§ Instructions to follow: Restate word for word the entries below, starting at the line with "banjado LED Wandleuchte" and ending at the line with "SET BAHAN PENGUJIAN". Keep both end lines and omit the pictures.

§ Exercise data:
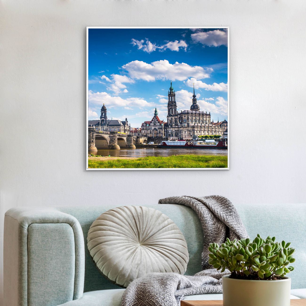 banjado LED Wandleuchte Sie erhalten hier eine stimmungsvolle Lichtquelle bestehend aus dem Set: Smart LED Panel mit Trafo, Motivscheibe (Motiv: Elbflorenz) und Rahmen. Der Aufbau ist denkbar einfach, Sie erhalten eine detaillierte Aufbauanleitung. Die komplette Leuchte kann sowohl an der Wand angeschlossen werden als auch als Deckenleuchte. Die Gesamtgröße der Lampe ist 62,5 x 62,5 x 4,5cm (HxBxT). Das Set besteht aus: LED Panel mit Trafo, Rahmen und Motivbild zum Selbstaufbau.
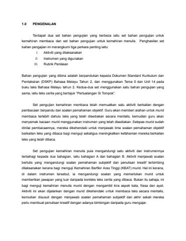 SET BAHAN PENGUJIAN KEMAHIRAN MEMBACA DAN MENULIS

==

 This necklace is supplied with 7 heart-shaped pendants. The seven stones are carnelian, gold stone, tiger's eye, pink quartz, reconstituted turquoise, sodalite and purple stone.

§ Exercise response:
 banjado LED Wandleuchte Sie erhalten hier eine stimmungsvolle Lichtquelle bestehend aus dem Set: Smart LED Panel mit Trafo, Motivscheibe (Motiv: Elbflorenz) und Rahmen. Der Aufbau ist denkbar einfach, Sie erhalten eine detaillierte Aufbauanleitung. Die komplette Leuchte kann sowohl an der Wand angeschlossen werden als auch als Deckenleuchte. Die Gesamtgröße der Lampe ist 62,5 x 62,5 x 4,5cm (HxBxT). Das Set besteht aus: LED Panel mit Trafo, Rahmen und Motivbild zum Selbstaufbau.
 SET BAHAN PENGUJIAN KEMAHIRAN MEMBACA DAN MENULIS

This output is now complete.